Update: Making Wall Street Pay

Not long after I posted “Making Wall Street Pay“, in which I proposed raising the SEC fee for buying and selling stocks as a way to raise revenues and reduce market volatility, the New York Times discovered my idea and added its substantial heft to it.  Unfortunately for 99-percenters, the Obama administration (by administration I mean Treasury Secretary Timothy Geithner) doesn’t care for my idea, according to The Times:

The Obama administration has also been lukewarm, expressing sympathy but saying it would be hard to execute, could drive trading overseas and would hurt pension funds and individual investors in addition to banks.
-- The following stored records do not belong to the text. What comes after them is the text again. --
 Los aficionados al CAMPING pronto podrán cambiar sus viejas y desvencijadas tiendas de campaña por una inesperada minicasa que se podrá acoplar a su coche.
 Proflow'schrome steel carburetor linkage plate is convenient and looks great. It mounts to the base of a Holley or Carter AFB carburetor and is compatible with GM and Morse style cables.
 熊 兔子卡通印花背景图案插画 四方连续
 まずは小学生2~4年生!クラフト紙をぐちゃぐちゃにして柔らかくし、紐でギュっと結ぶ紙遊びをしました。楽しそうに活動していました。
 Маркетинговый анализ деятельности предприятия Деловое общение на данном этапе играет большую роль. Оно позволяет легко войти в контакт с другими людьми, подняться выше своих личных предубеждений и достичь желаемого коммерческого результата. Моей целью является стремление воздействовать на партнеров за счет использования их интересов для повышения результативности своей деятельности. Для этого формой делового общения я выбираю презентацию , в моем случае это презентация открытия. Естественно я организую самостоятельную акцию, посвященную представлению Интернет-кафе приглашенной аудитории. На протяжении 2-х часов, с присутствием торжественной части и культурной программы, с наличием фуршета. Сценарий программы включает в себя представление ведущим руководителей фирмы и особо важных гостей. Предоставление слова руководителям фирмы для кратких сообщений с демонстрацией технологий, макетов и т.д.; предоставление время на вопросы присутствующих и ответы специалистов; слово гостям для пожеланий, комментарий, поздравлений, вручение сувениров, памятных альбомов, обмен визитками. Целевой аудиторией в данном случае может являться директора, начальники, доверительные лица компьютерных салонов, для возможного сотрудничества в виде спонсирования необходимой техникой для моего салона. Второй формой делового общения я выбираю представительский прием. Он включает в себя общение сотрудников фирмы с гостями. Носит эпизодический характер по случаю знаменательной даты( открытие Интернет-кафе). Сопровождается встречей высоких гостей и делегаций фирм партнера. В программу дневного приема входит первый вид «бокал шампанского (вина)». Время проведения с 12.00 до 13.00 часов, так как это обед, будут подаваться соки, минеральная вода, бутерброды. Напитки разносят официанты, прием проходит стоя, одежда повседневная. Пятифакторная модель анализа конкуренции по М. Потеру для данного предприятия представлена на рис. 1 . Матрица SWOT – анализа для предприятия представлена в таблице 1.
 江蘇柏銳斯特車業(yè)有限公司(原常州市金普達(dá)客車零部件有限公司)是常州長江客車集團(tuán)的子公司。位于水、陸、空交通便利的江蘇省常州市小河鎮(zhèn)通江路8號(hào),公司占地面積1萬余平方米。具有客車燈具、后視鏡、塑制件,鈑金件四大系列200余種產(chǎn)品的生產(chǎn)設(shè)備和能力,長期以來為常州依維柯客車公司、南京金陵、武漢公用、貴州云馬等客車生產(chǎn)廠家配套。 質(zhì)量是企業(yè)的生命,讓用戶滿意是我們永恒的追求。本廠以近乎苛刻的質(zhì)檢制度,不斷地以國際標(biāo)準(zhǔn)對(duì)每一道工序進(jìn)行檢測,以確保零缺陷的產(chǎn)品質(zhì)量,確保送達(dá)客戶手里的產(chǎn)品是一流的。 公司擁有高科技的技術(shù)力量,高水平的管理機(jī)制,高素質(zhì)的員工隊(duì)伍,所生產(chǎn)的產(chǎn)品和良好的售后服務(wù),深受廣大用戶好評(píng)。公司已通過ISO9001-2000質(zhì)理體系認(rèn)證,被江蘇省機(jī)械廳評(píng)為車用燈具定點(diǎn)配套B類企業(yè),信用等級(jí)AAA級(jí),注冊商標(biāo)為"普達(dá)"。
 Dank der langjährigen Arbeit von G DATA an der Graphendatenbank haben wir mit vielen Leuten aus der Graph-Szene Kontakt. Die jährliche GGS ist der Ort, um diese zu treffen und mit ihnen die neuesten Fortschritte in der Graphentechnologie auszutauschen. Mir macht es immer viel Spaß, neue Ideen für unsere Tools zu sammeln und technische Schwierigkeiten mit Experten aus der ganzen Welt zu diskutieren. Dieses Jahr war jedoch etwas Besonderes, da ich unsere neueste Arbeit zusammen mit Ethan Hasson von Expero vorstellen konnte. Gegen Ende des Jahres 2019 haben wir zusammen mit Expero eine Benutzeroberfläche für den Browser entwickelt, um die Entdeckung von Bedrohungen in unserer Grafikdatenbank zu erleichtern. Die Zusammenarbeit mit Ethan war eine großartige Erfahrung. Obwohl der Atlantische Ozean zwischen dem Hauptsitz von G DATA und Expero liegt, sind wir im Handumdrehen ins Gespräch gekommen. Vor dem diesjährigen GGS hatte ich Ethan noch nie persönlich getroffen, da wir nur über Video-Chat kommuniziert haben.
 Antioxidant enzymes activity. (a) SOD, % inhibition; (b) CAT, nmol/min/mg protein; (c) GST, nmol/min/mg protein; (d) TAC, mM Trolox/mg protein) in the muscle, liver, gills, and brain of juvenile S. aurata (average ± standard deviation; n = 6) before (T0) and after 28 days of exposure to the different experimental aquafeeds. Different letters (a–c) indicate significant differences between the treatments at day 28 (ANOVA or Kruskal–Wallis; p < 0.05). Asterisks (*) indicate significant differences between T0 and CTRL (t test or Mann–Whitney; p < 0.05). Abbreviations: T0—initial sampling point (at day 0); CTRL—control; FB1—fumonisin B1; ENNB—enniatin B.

Oh, it would hurt investors in addition to banks?  Your everyday individual investor (and here I mean investor rather than speculator) would only pay a few extra cents on a trade.  If we were really concerned about the impact of the fee on Mr. or Ms. Ordinary Investor, we could exempt small trades (under $10,000 say) from the new fee.  Clearly, the Obama administration continues to act in a fashion consistent with protecting the very institutions (and the people running them) that brought our country to the brink of economic collapse.

It’s too bad that the Occupy Movement has not (yet) become the progressive alternative to the Tea Party, instead of the rag-tag assemblage of causes and resentments it is today.  There is certainly plenty worthy of protest — no tent required, only a sense of focus.